Content starts

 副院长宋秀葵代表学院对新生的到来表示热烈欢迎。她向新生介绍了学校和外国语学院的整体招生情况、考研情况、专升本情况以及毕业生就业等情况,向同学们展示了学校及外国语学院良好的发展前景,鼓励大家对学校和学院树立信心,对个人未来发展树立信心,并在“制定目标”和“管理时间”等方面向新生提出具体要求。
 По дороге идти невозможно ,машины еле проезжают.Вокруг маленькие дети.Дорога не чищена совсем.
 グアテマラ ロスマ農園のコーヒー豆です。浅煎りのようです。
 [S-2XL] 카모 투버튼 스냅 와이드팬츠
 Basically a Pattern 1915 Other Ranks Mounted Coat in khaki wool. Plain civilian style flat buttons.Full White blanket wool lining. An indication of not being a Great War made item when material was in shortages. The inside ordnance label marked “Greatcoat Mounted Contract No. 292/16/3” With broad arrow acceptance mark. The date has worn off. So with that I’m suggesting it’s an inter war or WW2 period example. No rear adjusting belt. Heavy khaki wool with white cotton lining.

Content ends
Content starts

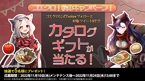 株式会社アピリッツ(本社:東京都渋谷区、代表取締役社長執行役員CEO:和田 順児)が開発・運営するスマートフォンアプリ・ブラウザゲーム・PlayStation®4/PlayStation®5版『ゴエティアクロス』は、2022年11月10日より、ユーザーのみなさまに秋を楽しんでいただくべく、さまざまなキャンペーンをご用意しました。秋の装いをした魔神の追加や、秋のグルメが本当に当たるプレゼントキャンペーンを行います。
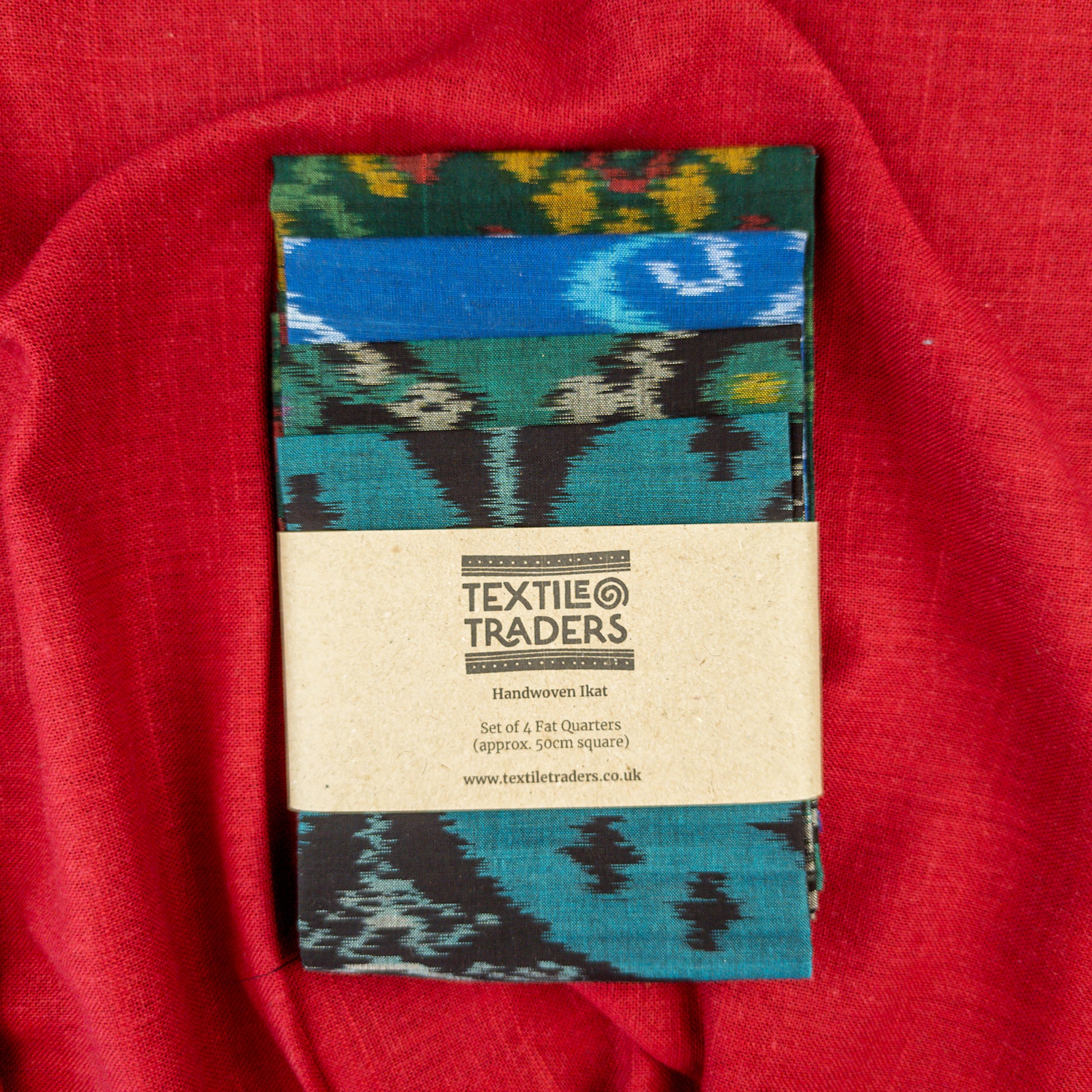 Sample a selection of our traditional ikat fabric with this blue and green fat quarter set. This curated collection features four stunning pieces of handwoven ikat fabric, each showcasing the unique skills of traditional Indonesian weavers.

Content ends

## DIRECTIONS:
In the entries above, find the line with "副院长宋秀葵代表学院对新生的" and the line with "[S-2XL] 카모 투버튼 스냅 와이드팬츠", then restate word for word both of them and every line between, with nothing more.

## THE ANSWER:
 副院长宋秀葵代表学院对新生的到来表示热烈欢迎。她向新生介绍了学校和外国语学院的整体招生情况、考研情况、专升本情况以及毕业生就业等情况,向同学们展示了学校及外国语学院良好的发展前景,鼓励大家对学校和学院树立信心,对个人未来发展树立信心,并在“制定目标”和“管理时间”等方面向新生提出具体要求。
 По дороге идти невозможно ,машины еле проезжают.Вокруг маленькие дети.Дорога не чищена совсем.
 グアテマラ ロスマ農園のコーヒー豆です。浅煎りのようです。
 [S-2XL] 카모 투버튼 스냅 와이드팬츠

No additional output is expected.